When Daly emerged, there was no sign of the old woman. She seemed to have miraculously disappeared. Then he heard the crunch of gravel and the squeak of a gate as she marched into the graveyard. He shouted for her to stop and she looked back, throwing him a sharp, shrewd glance before breaking into a run, gathering up her long skirts to reveal a pair of muddy trainers.
A mourner who’d been kneeling at a grave stood up and tried to block her path, but she sidestepped him, knocking against his shoulder. A slight collision, but enough to knock off her shawl and wig to reveal a much younger woman, running hard now, weaving her way through the jumble of gravestones. Daly vaulted the low wall and tried to cut her off before she reached the road, but getting his own legs to match her pace and agility was becoming problematic for him.
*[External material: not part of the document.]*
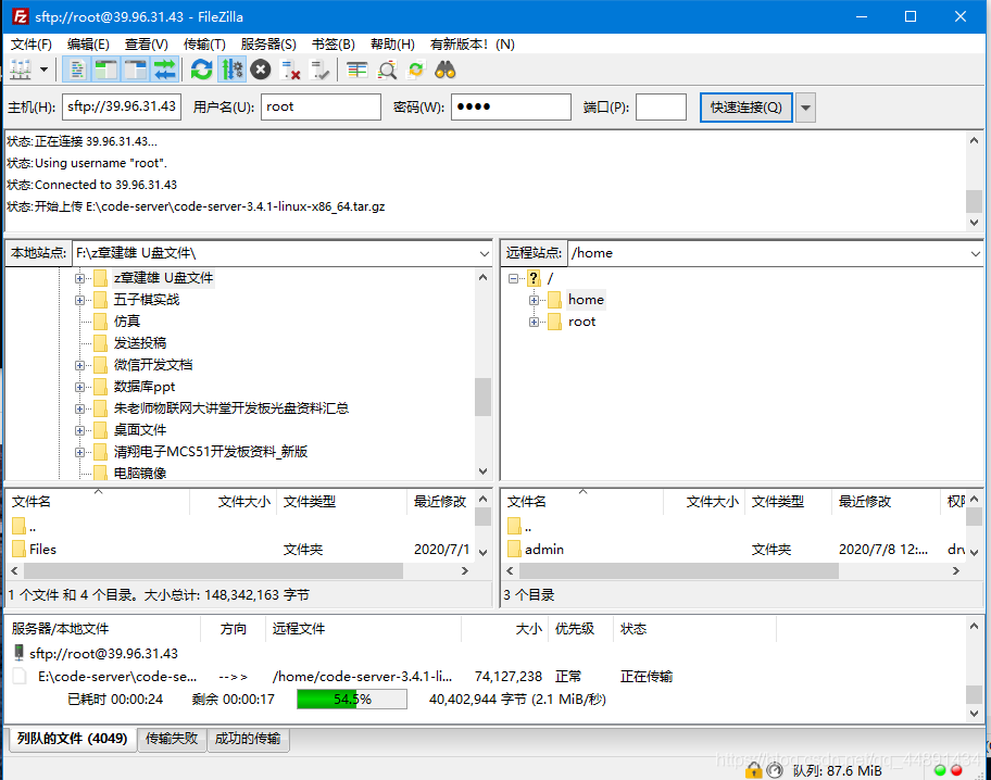 使用FileZilla软件,将下好的包直接传到服务器上,具体步骤看视频:https://www.bilibili.com/video/BV1vt411P7zm/

A white van swung alongside the boundary wall, and speeded up beside the traveller woman. A beckoning arm reached out of the back of the vehicle and, with a sureness of feet that would have been breathtaking in a circus horse show, the woman leaped into the accelerating van. Within moments, a yawning gap opened up between Daly and the vehicle. Soon it was disappearing out of sight, leaving him a solitary figure standing in the middle of the road. He felt more bereft when he returned, out of breath, to the church and found that Rebecca was also leaving in a hurry. He glimpsed the whisk of her dark coat pulled after her as she slammed the car door shut. Oblivious to his panting presence, she drove off at speed.